WORK REQUEST: Below are records with pictures. Transcribe exactly, and only, the lines from the line with "不要講到村民，連基金會的人也不會想去看，就像連你也不知道 藝術中心在哪裡 7" to the line with "1995年和音乐家龙灿明在花山合影", both ends included, but not the pictures.

RECORDS PROVIDED:
====================
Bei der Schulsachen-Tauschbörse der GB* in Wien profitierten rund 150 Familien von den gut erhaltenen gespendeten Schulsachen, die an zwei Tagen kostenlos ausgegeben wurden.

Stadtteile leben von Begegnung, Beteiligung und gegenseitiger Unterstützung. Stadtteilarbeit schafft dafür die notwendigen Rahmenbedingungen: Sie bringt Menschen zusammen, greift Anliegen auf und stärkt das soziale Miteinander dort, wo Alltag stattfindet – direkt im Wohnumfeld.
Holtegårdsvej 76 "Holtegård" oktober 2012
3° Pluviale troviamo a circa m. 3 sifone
====================
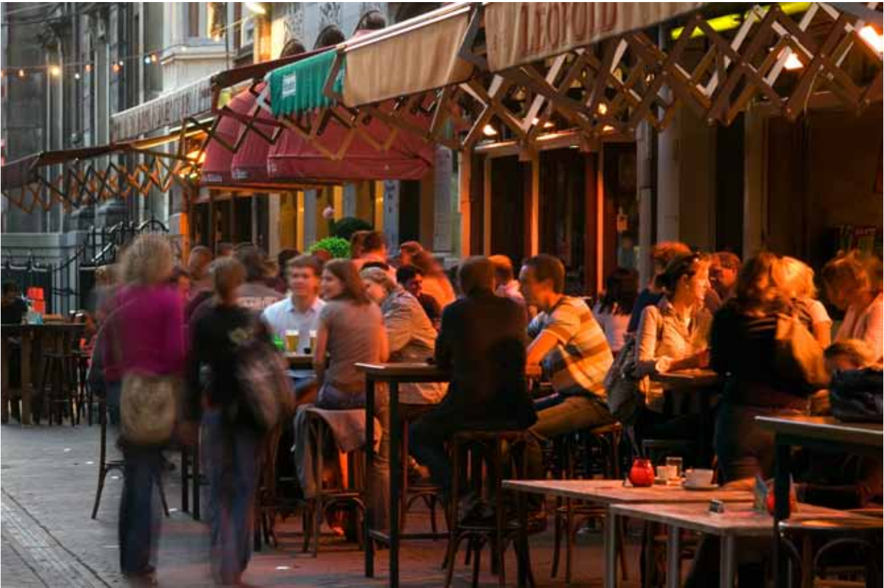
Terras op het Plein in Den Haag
====================
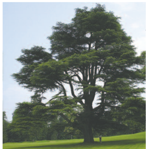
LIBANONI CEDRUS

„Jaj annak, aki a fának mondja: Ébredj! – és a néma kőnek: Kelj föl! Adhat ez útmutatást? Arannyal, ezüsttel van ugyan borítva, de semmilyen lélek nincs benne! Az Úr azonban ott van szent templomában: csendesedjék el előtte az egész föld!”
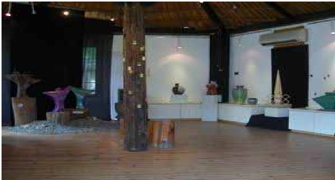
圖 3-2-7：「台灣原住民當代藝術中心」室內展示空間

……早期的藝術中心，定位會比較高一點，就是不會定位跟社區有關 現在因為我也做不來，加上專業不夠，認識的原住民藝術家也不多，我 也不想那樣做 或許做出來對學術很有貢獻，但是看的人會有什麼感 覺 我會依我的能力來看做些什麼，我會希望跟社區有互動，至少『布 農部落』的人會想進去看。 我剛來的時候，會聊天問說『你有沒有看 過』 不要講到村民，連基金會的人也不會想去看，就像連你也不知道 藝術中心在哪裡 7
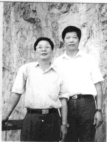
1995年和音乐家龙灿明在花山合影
====================
ANSWER FOR THE TASK:
……早期的藝術中心，定位會比較高一點，就是不會定位跟社區有關 現在因為我也做不來，加上專業不夠，認識的原住民藝術家也不多，我 也不想那樣做 或許做出來對學術很有貢獻，但是看的人會有什麼感 覺 我會依我的能力來看做些什麼，我會希望跟社區有互動，至少『布 農部落』的人會想進去看。 我剛來的時候，會聊天問說『你有沒有看 過』 不要講到村民，連基金會的人也不會想去看，就像連你也不知道 藝術中心在哪裡 7
1995年和音乐家龙灿明在花山合影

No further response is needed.